I was only joking about VA Beach. I'm there for a wedding next week for a guy I went to graduate school with. Interestingly, he came to Canada to get his Masters. But my point is that just because I have a lot of criticisms about the current American administration does not mean I HATE your country. I love a lot of things about Americans and American culture, but that doesn't get you a free pass around the world. People have legitimate beefs and I think it's in your best interest to start listening!
Q5echo
quote:
Originally posted by Lebezniatnikov
"Iraqi Freedom" does not equal Operation Enduring Freedom.
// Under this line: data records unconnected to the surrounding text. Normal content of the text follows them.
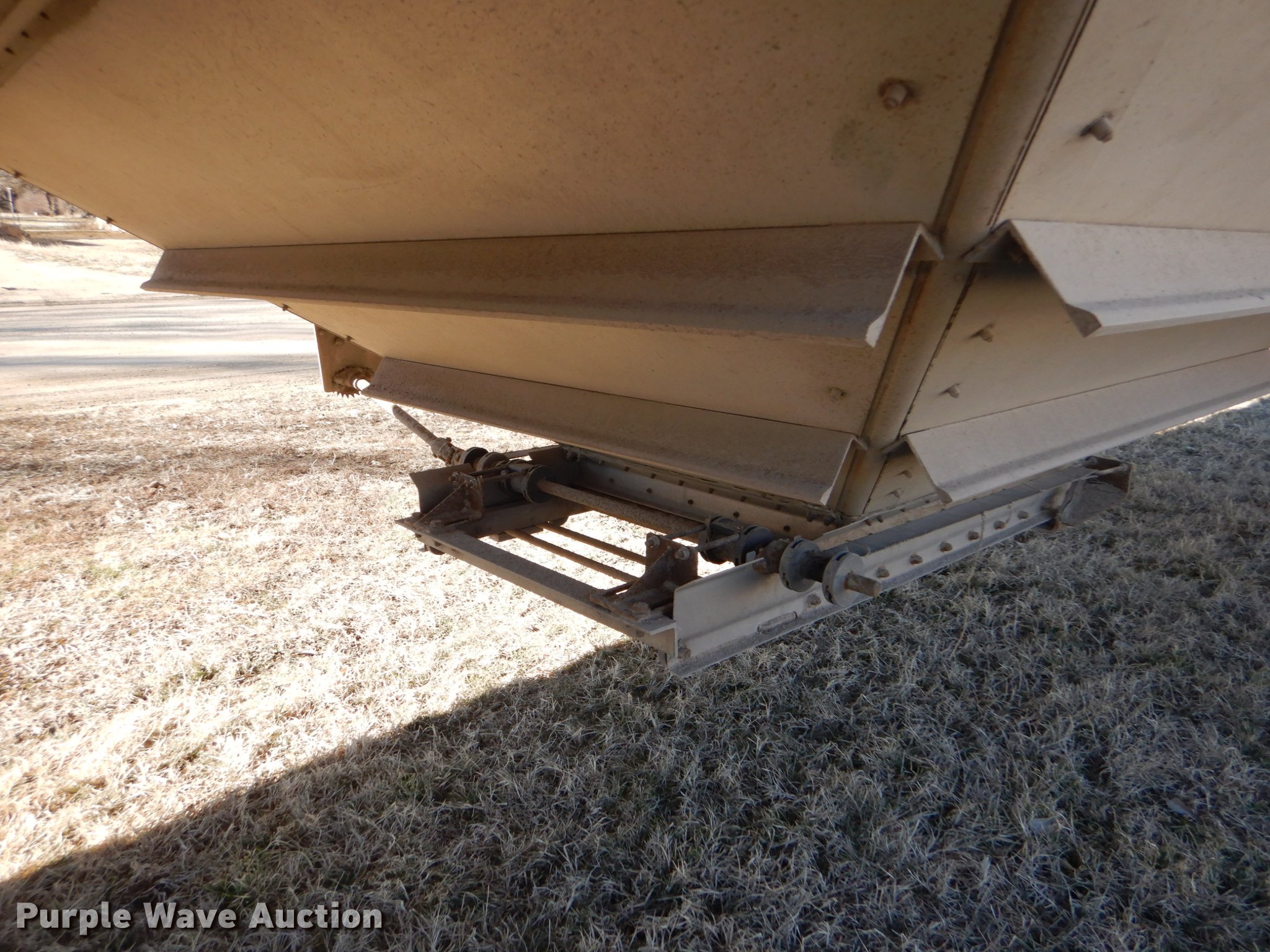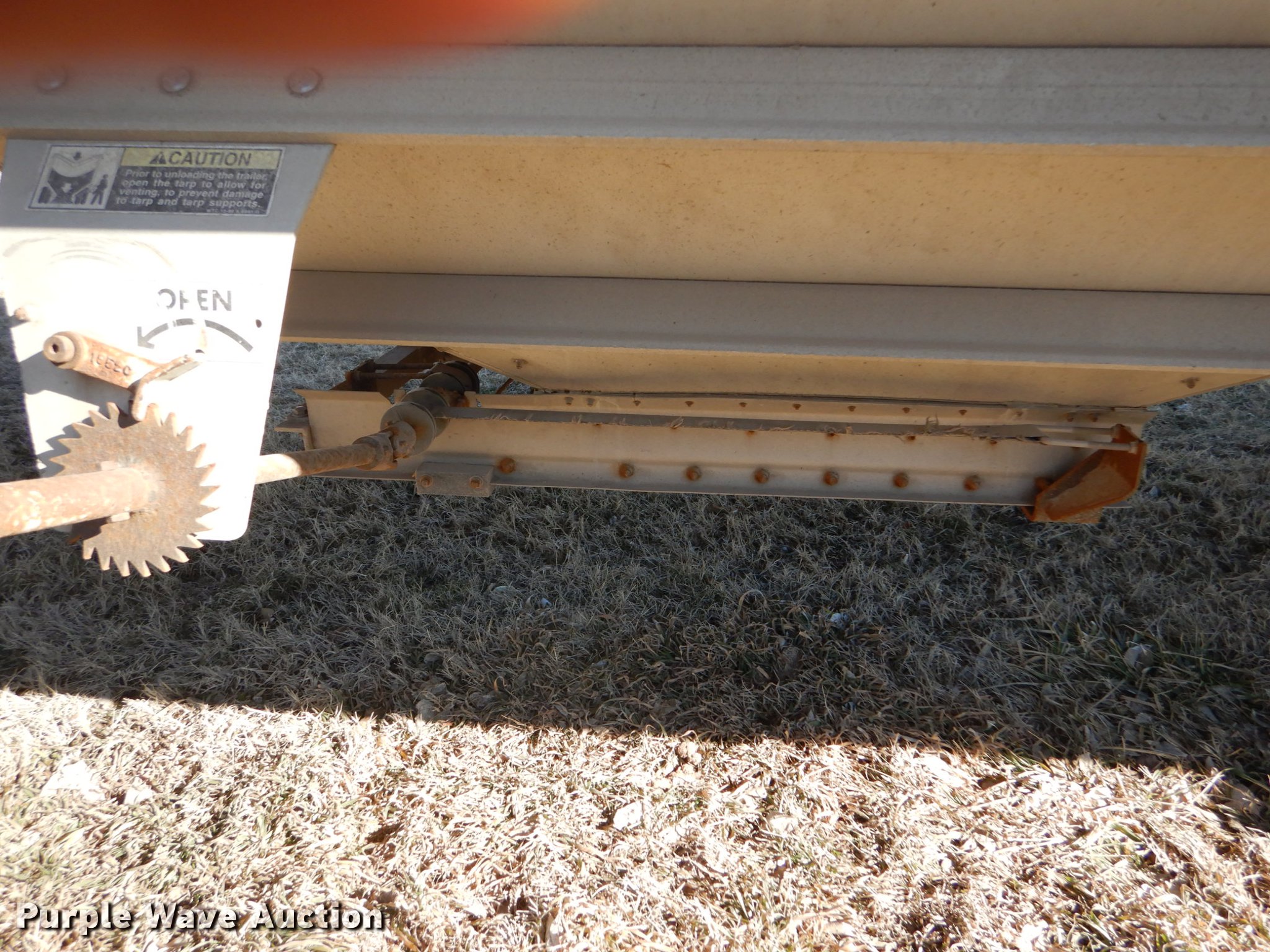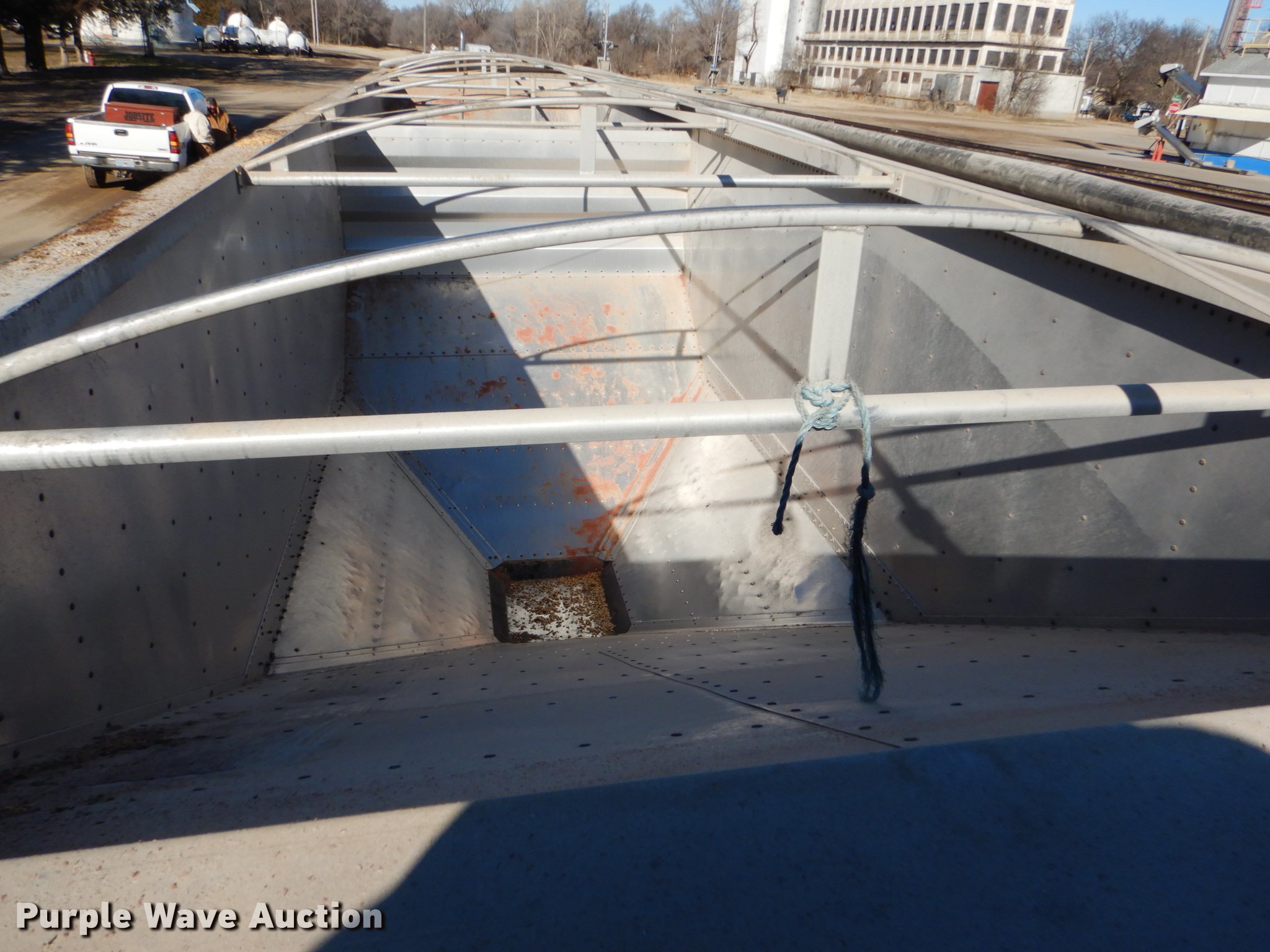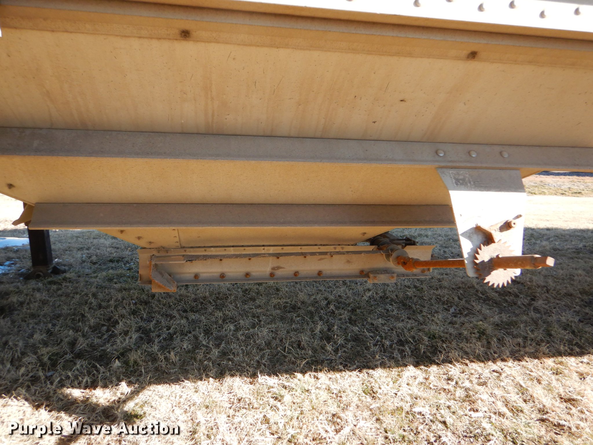 Purple Wave is selling a used Grain or Commodity Trailer in Kansas. This item is a 2000 Wilson Pace Setter double hopper bottom grain trailer with the following: 43'L x 96"W, Manual trap gates, Front and rear ladders, Front and rear platforms, Roll tarp, Aluminum construction, Fifth wheel plate, Dual leg landing gear, Air suspension, Air brakes, Tandem axle, Steel wheels, 11R24.5 tires, GVWR 65,000 lbs, Cracked sub-frame, Frame above air bags is weak, beginning to fail
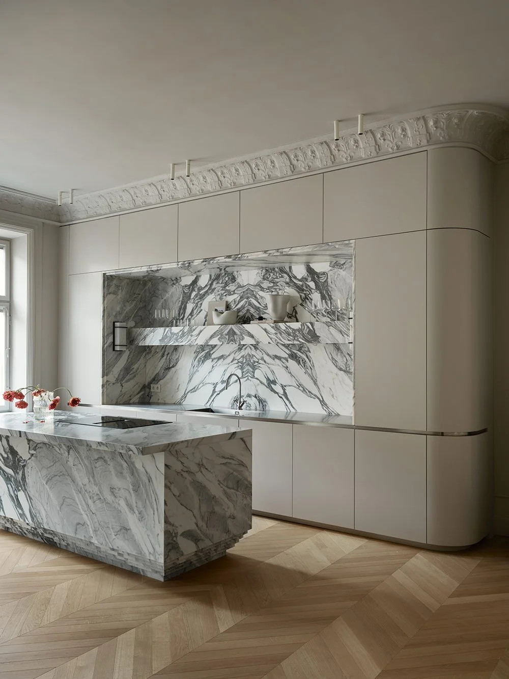Minimalist kitchen design with hidden grip and beautiful limestone in the Oscar Properties' project "Katarina västra skola" on Södermalm in Stockholm.
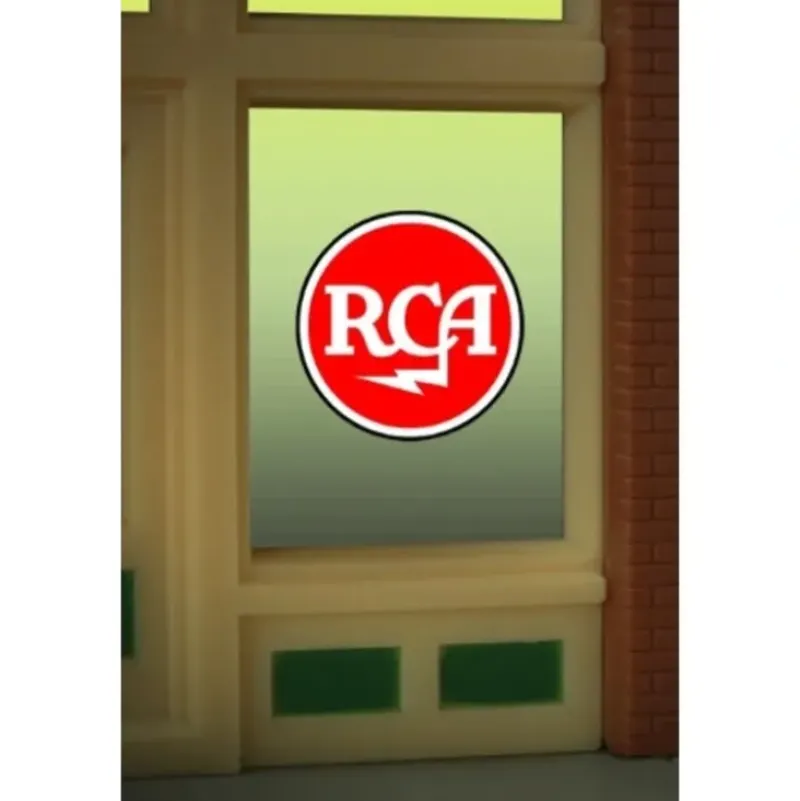 This is a Miller Engineering 9000 HO/O Scales RCA Flashing Neon Window Sign – Light Works USA Oversized Clear Background – Cut to as small as 7/8 2.3cm Diameter. Makes a great companion sign to our rooftop billboard #8071.Can be trimmed as small as .8 Dia.
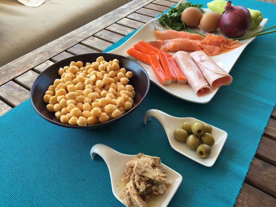 Mientras tenemos los huevos hirviendo escurriremos los garbanzos y los pondremos en un bol. A partir de ahora iremos cortando e incoporando los demás ingredientes. El orden no es imoportante, lo importante es cortar los ingredientes en trozos pequeños.
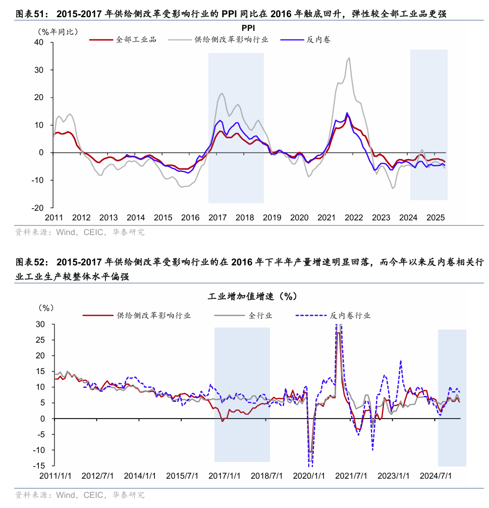 反内卷对PPI的推升可能较供给侧改革更温和,最主要是由于需求侧政策和宏观环境不尽相同——当前需求侧政策“托底”为主,地产周期缺乏全面反弹的动力,且面临对外贸易壁垒上升等压力。同时,考虑到“反内卷”更多涉及中下游行业,产能削减可能影响上游商品需求,对整体通胀水平的拉动或不及给供给侧改革的效果。据IMF测算,供给侧改革的产能削减可能解释同期PPI上涨的40%,其余悉需求回升推动。彼时棚改货币化、货币政策宽松、减税降费、PSL拉动基建投资等需求端政策刺激带动总需求回升,令上游价格传导更为顺畅。
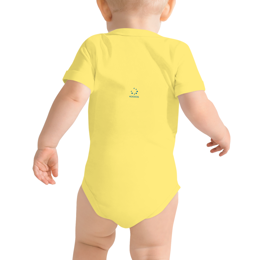 Dress your baby to the nines with this 100% cotton one piece. It has three snap leg closure for easy changing, a comfortable envelope neckline, and a beautiful print that's bound to get the baby all happy and giggling.
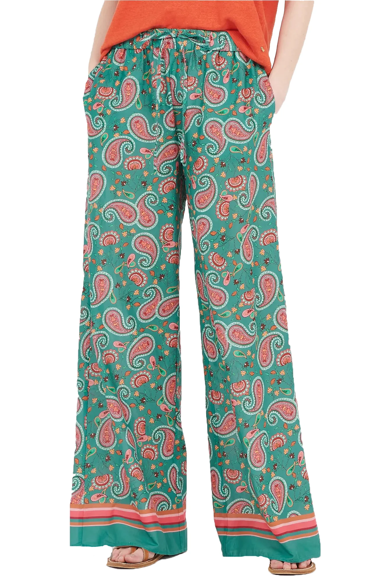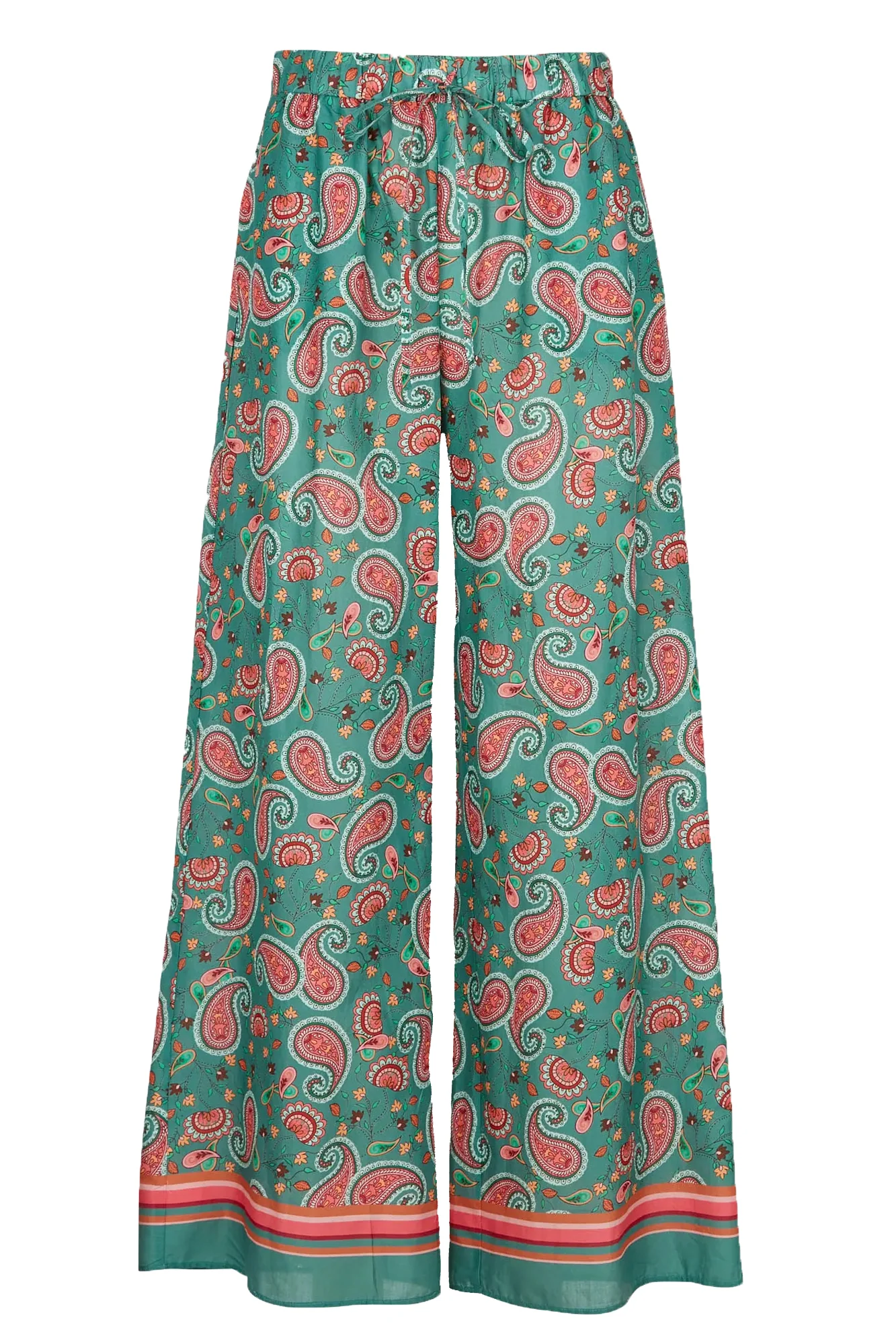 Pantalone largo da donna a fantasia con elastico in vita e 2 tasche laterali.
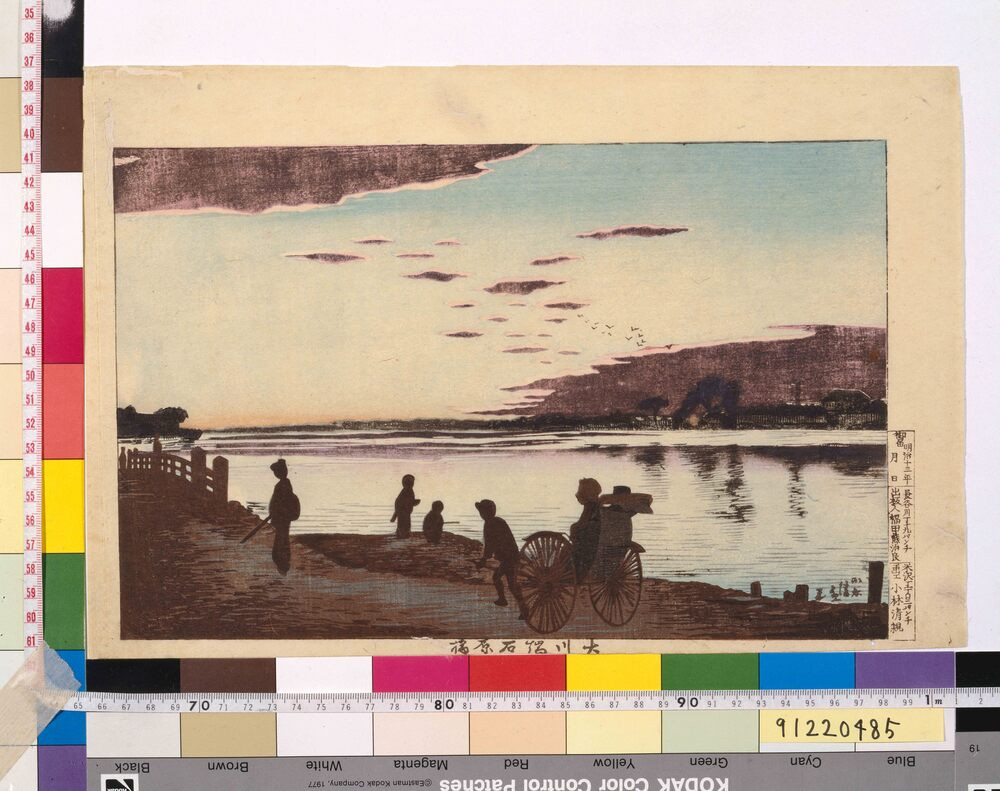 - KOBAYASHI Kiyochika “Ishihara Bridge at Okawabata” (Edo-Tokyo Museum) Source: Tokyo Museum Collection (https://museumcollection.tokyo/en/works/6246382/)
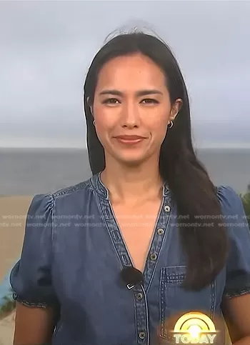 Emilie Ikeda on Today on NBC was spotted wearing this button front denim top on Today on Aug 17 2023's episode. Emilie's Top is the Aly Henley Shirt by Pilcro.

For God's sake, get your argument straight before you start posting things.


Operation Iraqi Freedom was my rebuttal to your ridiculous claim that it wasn't a "pre-emptive" engagement of hostilities.

quote:
For now, I'm going to keep standing on the side of the foreign policy establishment on this one, inconsequential a point on your part as it is.


sorry but this foreign policy establishment youre refering to regards Operation Enduring Freedom as the first manifestation of the Bush Doctrine. this is not news.

quote:
Even if we took your premise of there being four different official Bush Doctrines as accepted by the foreign policy establishment, Palin batted 0/4 on knowing what the term referred to. So where are you headed with your argument exactly?


a lot of smart people on both sides recognize 4, 6 even 7 versions of the Bush Doctrine. how many does your "foreign policy establishment" recognize?

as far as i can tell you can only admit to knowing one. thats fine. how many has become completely subjective at this point but denying the things you've denied up to this point can't be taken any less seriously than Palin's version. so congrats on your epic fail.
Lebezniatnikov
quote:
Originally posted by Q5echo
epic fail.


Epic fail? You're the one parading around Operation Iraqi Freedom as a pre-emptive measure rather than a preventative one. You still don't understand the difference between those two words, do you?

Sunsnail
Somewhat interesting interview with palin

Q5echo
quote:
Originally posted by Lebezniatnikov
Epic fail? You're the one parading around Operation Iraqi Freedom as a pre-emptive measure rather than a preventative one. You still don't understand the difference between those two words, do you?


please explain to us all how Operation Iraqi Freedom was not "pre-emptive" in nature.